The use of recombinant insulin
The way of use of recombinant insulin can be improved by changing its amino acid sequence and creating analogues, such as insulin aspart and insulin glargine. Insulin aspart is a fast response analogue, structural different only on the substitution of aspartic acid for proline at position 28 on the B chain (Tamas et al., 2001). Insulin aspart can increase in serum concentration 2.3 times higher and in less than half the time than human insulin (Kaku, Matsuda, Urae, & Irie, 2000). On the other hand, insulin glargine is a long-acting analogue, structural different from human insulin by 3 amino acids, in which asparagines at position 21 of A chain is replaced by glycine and 2 arginines are added to the carboxyl terminal at position 31 and 32 of the B chain. This can shift the isoelectric point from pH5.4 to pH7.0, and making relatively less soluble at the injection site (Wang, Carabino, & Vergara, 2003). Consequently, body absorption of insulin glargine becomes delay and prolongs the duration of effect in order to provide constant supply of insulin over 24 hours after each injection (Campbell, White, Levien, & Baker, 2001).

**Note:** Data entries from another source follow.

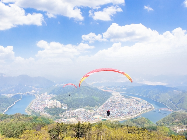 단양은 사계절 모두 멋진 경치를 감상할 수 있습니다. 특히, 페러글라이딩 체험을 할 수 있는 명소로 신선한 바람과 알록달록 예쁜 꽃과 나무들이 많은 봄, 가을에 많이 찾습니다.
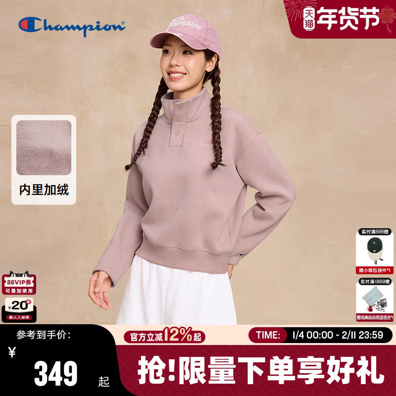📚 Champion冠军卫衣女25冬季新款元气少女校园风加绒无帽卫衣保暖秋
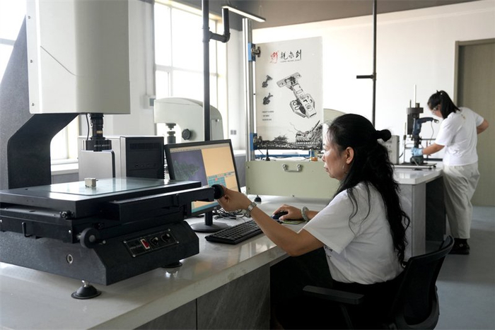 7月7日,位于邢台市任泽区龙泉剑集团-厚力五金产业园的共享车间内,工人在研发中心检测产品。
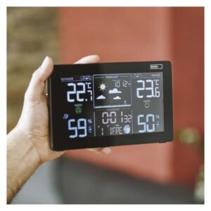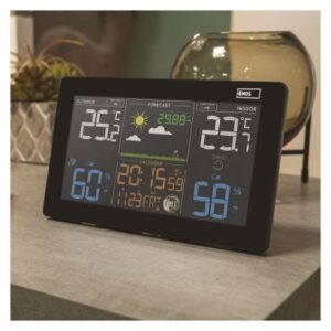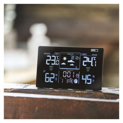 12/24 formát času: áno|anemometer: nie|barometer: áno|budík: áno, 2×|časové pásma: áno|dátum: áno|dosah snímača: až 50 m|drôtová sonda k čidlu: 0,95 m|elektronické plošné podsvietenie: áno|farebný displej (black mask) podsvietený: áno|fázy mesiaca: áno|hodiny: riadené DCF signálom|kalendár: áno|korekcia nadmorskej výšky: nie|LED podsvietenie displeja: áno|min. a max. teplota: áno|možné ďalšie čidlo: 3 (E05018)|možnosť nastavenia jednotky teploty °C/°F: °C/°F|možnosť zavesenia na stenu: áno|napájanie čidla: 2× 1,5 V AAA (nie sú súčasťou balenia)|napájanie stanice: 3× 1,5 V AAA (nie sú súčasťou balenia)|opakované budenie: áno|predajný obal: 1 ks, krabička|predpoveď počasia: áno|prenosová frekvencia: 433 MHz|prevedenie teplomera: bezdrôtové|produkt: metestanica|projekcia: nie|rozmer čidla: 21 × 60 × 100 mm|rozmer hlavnej jednotky: 26 × 197 × 125 mm|sieťový adaptér: áno, 5 V DC/600 mA (súčasťou balenia)|teplotná výstraha: nie|trend teploty: áno|trend tlaku: áno|trvalé podsvietenie: áno|veľkosť displeja: 164 × 90 mm|vnútorná teplota: -10 °C až +50 °C, rozlíšenie 0,1 °C|vnútorná vlhkosť: 1 % až 99 % RV, rozlíšenie 1 %|vonkajšia teplota: -40 °C až +70 °C, rozlíšenie 0,1 °C|vonkajšia vlhkosť: 20 % až 95 % RV, rozlíšenie 1 %|zrážkomer: nie
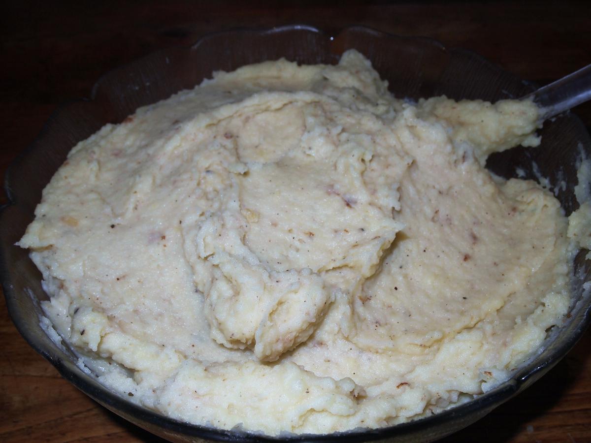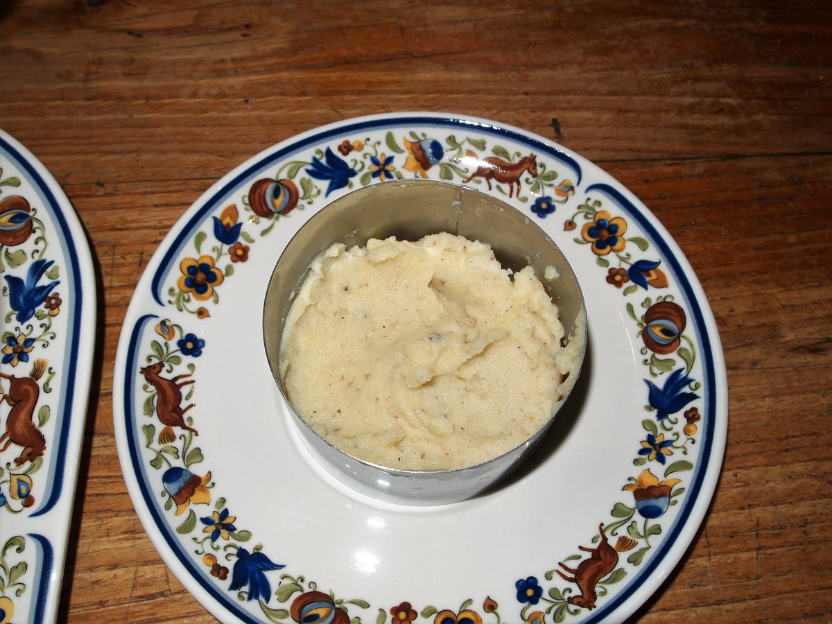 Cuando tengamos las patatas cocidas, las escurrimos y aplastamos bien con un tenedor o con un pasapuré, añadimos la leche y corregimos de sal, en este punto yo añado pimienta y un poco de nuez moscada. Si optamos por el puré de sobre es el momento de prepararlo siguiendo las indicaciones del paquete.
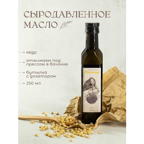 Сыродавленное кедровое масло "Маслиница" 0.25 л, холодного отжима, пищевое

Abuse of recombinant insulin
Insulin can be abused (doping) by professional athletes because it may improve performance by increasing protein synthesis and glucose uptake and storage (Erotokritou & Holt, 2010). On the other hand, insulin dependent diabetics have an increased incidence of a psychiatric disorder such as depression, anxiety, or euphoria. Even though, some of individuals who are not diabetic may inject insulin to induce euphoria. Nowadays, the majority of insulin dependent patients are treated with recombinant human insulin; however hypoglycaemia may appear in those patients (Graham, Evans, Davies, & Baker, 2008). Although the recombinant human insulin is a successful genetic product for insulin dependent patients, the use of such product should be carefully monitored. Insulin derivatives must continue to be evaluated in order to ensure their proper usage.
Detection method of recombinant insulin
As insulin regulates glucose metabolism in our body, we can measure blood glucose level in order to monitor diabetic patients of proper use of insulin analogues. On the other hand, for insulin misuse in sport, we can measure insulin and C-peptide (connecting peptide, the by-product of the conversion of proinsulin to insulin) in serum as indirect markers by immunoassays such as Enzyme Amplified Sensitivity Immunoassy (EASIA) (Abellan et al., 2009).